Segment Start: Exercise input

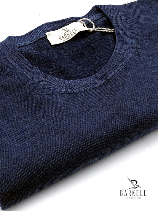 Maglia Girocollo Rasata in Pura Lana Merinos Extrafine Delavè Color Blu Denim Ice Vintage
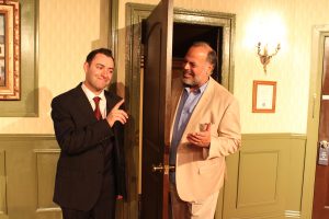 In his World Premiere play, Our Man In Santiago at Theatre West, playwright Mark Wilding has written a fanciful comedy of what might have been. While testifying before a fact-finding Senate Committee (voiced with Southern delicacy by Michael Van Duzer), CIA spook Daniel Baker (Nick McDow Musleh) purports to tell the true story, the short version. Baker was basically a newbie agent when he was sent to Santiago, Chile in 1973. He had spent his first three years on station in New Zealand, mostly protecting the various native bird populations from endangerment from feral cats. Due to bureaucratic misunderstandings, he has been chosen to be the CIA’s man who will finally rid Nixon and Chile of its duly elected president. But Baker, evidently handling his first firearm, drops the bullets into a candy dish to start his assignment. His handler, station chief Jack Wilson (George Tovar), is a gruff veteran with eyes on promotion. He informs Baker his job is to get Allende out of the presidential palace, located across the street from their hotel, by any means necessary, meaning dead or alive. Time is of the essence since the military is planning to bomb the palace momentarily.
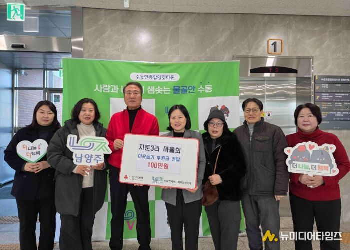 남양주시는 30일 수동면 지둔3리 마을회가 지역 내 어려운 이웃을 위한 후원금 100만 원을 경기사회복지공동모금회를 통해 수동면 지역사회보장협의체에 지정 기탁했다고 밝혔다.
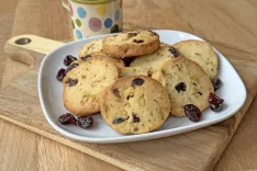 Za pripravo piškotov z brusnicami in pistacijami potrebujemo: 250 g moke, 125 g masla, 2 rumenjaka, 80 g sladkorja v prahu, 100 g soljenih pistacij, 80 g suhih brusnic, pol pecilnega praška, 1 vaniljev sladkor, lupinico ene bio limone, ščep soli.
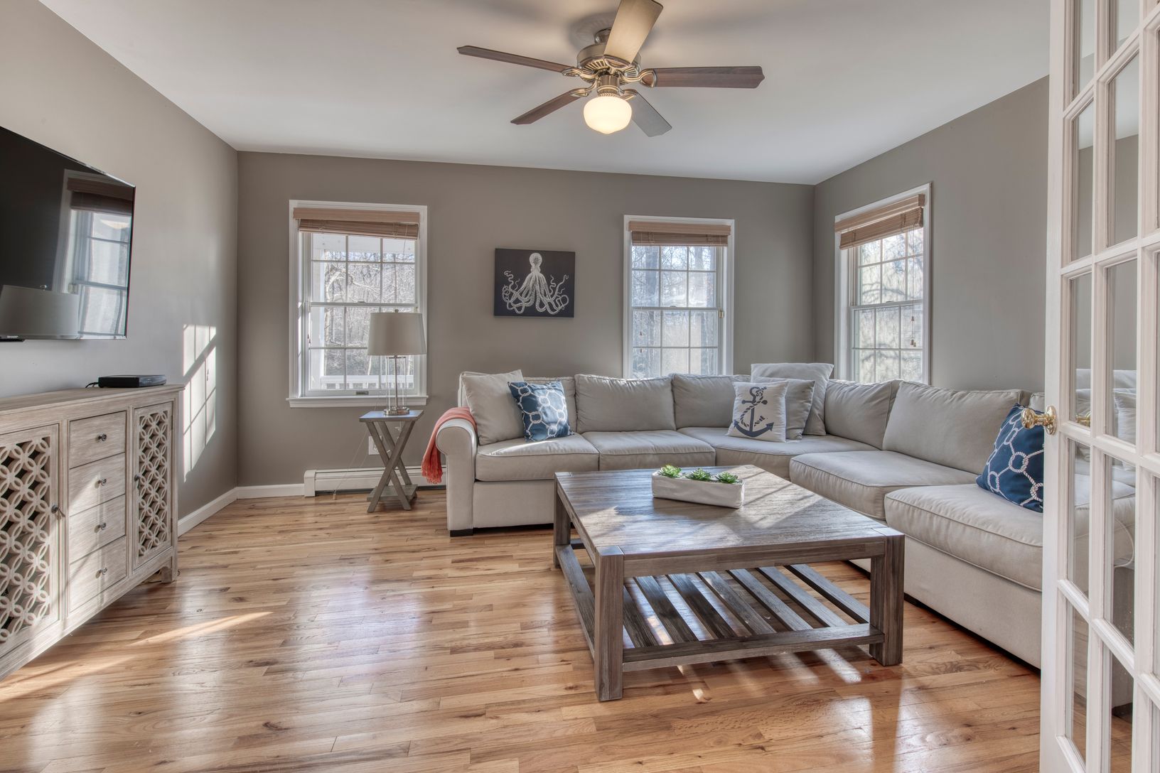 Located just minutes from Sag Harbor Village and picturesque beaches, this mint-condition Traditional Hamptons is a must-see. Conveniently situated on a quiet acre in the desirable Northside Hills community and offering 4 bedrooms, 3 bathrooms and a heated pool in the beautifully landscaped yard with newly built mahogany decking, this home is the ideal summer-retreat or year-round living. The first floor has an open floor plan, double-height c

Segment End: Exercise input

> [To do]: Pictures are to be dropped, and the remaining data set down exactly.

> [Exercise answer]:
 Maglia Girocollo Rasata in Pura Lana Merinos Extrafine Delavè Color Blu Denim Ice Vintage
 In his World Premiere play, Our Man In Santiago at Theatre West, playwright Mark Wilding has written a fanciful comedy of what might have been. While testifying before a fact-finding Senate Committee (voiced with Southern delicacy by Michael Van Duzer), CIA spook Daniel Baker (Nick McDow Musleh) purports to tell the true story, the short version. Baker was basically a newbie agent when he was sent to Santiago, Chile in 1973. He had spent his first three years on station in New Zealand, mostly protecting the various native bird populations from endangerment from feral cats. Due to bureaucratic misunderstandings, he has been chosen to be the CIA’s man who will finally rid Nixon and Chile of its duly elected president. But Baker, evidently handling his first firearm, drops the bullets into a candy dish to start his assignment. His handler, station chief Jack Wilson (George Tovar), is a gruff veteran with eyes on promotion. He informs Baker his job is to get Allende out of the presidential palace, located across the street from their hotel, by any means necessary, meaning dead or alive. Time is of the essence since the military is planning to bomb the palace momentarily.
 남양주시는 30일 수동면 지둔3리 마을회가 지역 내 어려운 이웃을 위한 후원금 100만 원을 경기사회복지공동모금회를 통해 수동면 지역사회보장협의체에 지정 기탁했다고 밝혔다.
 Za pripravo piškotov z brusnicami in pistacijami potrebujemo: 250 g moke, 125 g masla, 2 rumenjaka, 80 g sladkorja v prahu, 100 g soljenih pistacij, 80 g suhih brusnic, pol pecilnega praška, 1 vaniljev sladkor, lupinico ene bio limone, ščep soli.
 Located just minutes from Sag Harbor Village and picturesque beaches, this mint-condition Traditional Hamptons is a must-see. Conveniently situated on a quiet acre in the desirable Northside Hills community and offering 4 bedrooms, 3 bathrooms and a heated pool in the beautifully landscaped yard with newly built mahogany decking, this home is the ideal summer-retreat or year-round living. The first floor has an open floor plan, double-height c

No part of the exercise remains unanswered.